##### Data provided #####

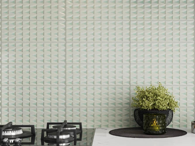 Add decorative flair with our Cayo geometric patterned tiles! The crackle finish on our stylish triangular detailed subway tile adds the perfect coastal chic look to the four color options
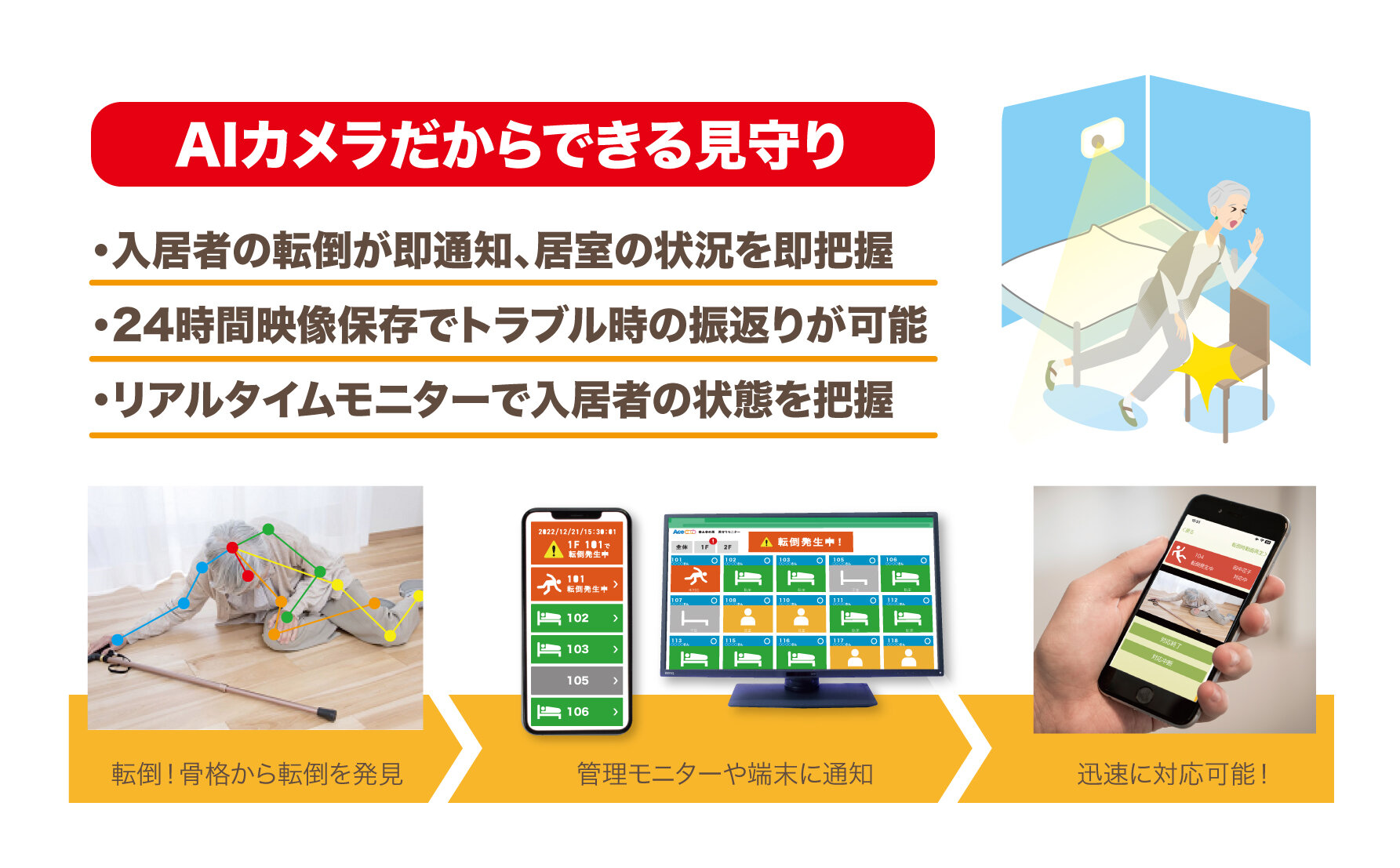 AIカメラで入居型介護施設の居室や共用部の見守りをサポート
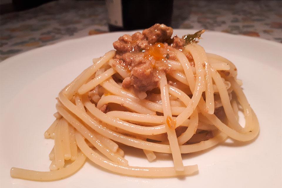 A Casa Latini, per deformazione professionale, trasformiamo sempre tutto in un buon ragù. Stavolta un ragù bianco realizzato con un battuto leggero di cipolla, sedano e carota fatto dorare in extravergine lentamente. Aggiungiamo, in questo caso, dei pezzettini di bollito ben sminuzzati a coltello e, prima di salare o pepare, assaggiamo qualora non fosse necessario. Noi ci abbiamo saltato i nostri Spaghetti Cappelli Originale 1915. Voi fate vobis.
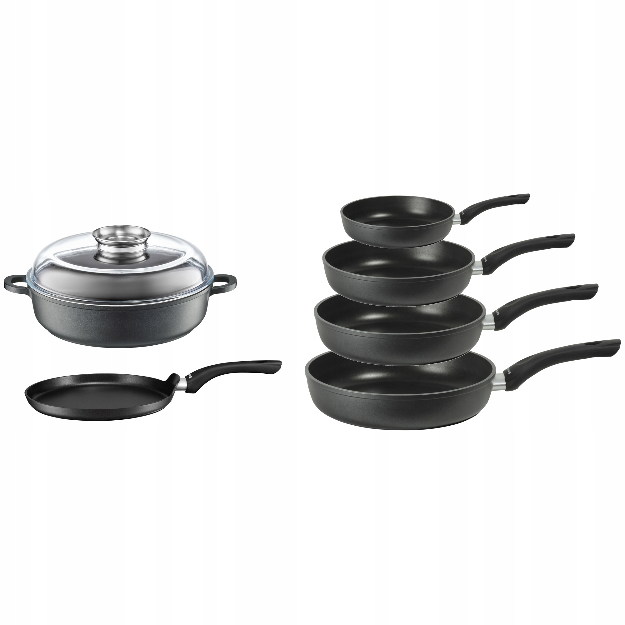 У набір також входить жаровня/сковорода, яка, крім усіх індукційних плит, є також підходить для використання з духовкою з кришкою. Кришка також має спеціальний дозатор масла/води, так званий Aroma Knob. Це дозволяє поповнювати рідину під час випічки, не піднімаючи кришку. Це інноваційне рішення дозволяє зменшити втрати солі та природних мінералів у приготованих стравах. Сковорода та млинниця також виготовлені за технологією кованого алюмінію та вкриті зсередини оригінальним швейцарським антипригарним покриттям ILAG Premium. Це багатошарове покриття з чудовими антипригарними властивостями, зміцнене керамікою та стійке до подряпин.

#####

◆ The task ◆
Write the lines from the one containing "AIカメラで入居型介護施設の居室や共用部の見守りをサポート" through the end of the data above exactly as they appear, and do not carry over any picture.

◆ Answer below ◆
 AIカメラで入居型介護施設の居室や共用部の見守りをサポート
 A Casa Latini, per deformazione professionale, trasformiamo sempre tutto in un buon ragù. Stavolta un ragù bianco realizzato con un battuto leggero di cipolla, sedano e carota fatto dorare in extravergine lentamente. Aggiungiamo, in questo caso, dei pezzettini di bollito ben sminuzzati a coltello e, prima di salare o pepare, assaggiamo qualora non fosse necessario. Noi ci abbiamo saltato i nostri Spaghetti Cappelli Originale 1915. Voi fate vobis.
 У набір також входить жаровня/сковорода, яка, крім усіх індукційних плит, є також підходить для використання з духовкою з кришкою. Кришка також має спеціальний дозатор масла/води, так званий Aroma Knob. Це дозволяє поповнювати рідину під час випічки, не піднімаючи кришку. Це інноваційне рішення дозволяє зменшити втрати солі та природних мінералів у приготованих стравах. Сковорода та млинниця також виготовлені за технологією кованого алюмінію та вкриті зсередини оригінальним швейцарським антипригарним покриттям ILAG Premium. Це багатошарове покриття з чудовими антипригарними властивостями, зміцнене керамікою та стійке до подряпин.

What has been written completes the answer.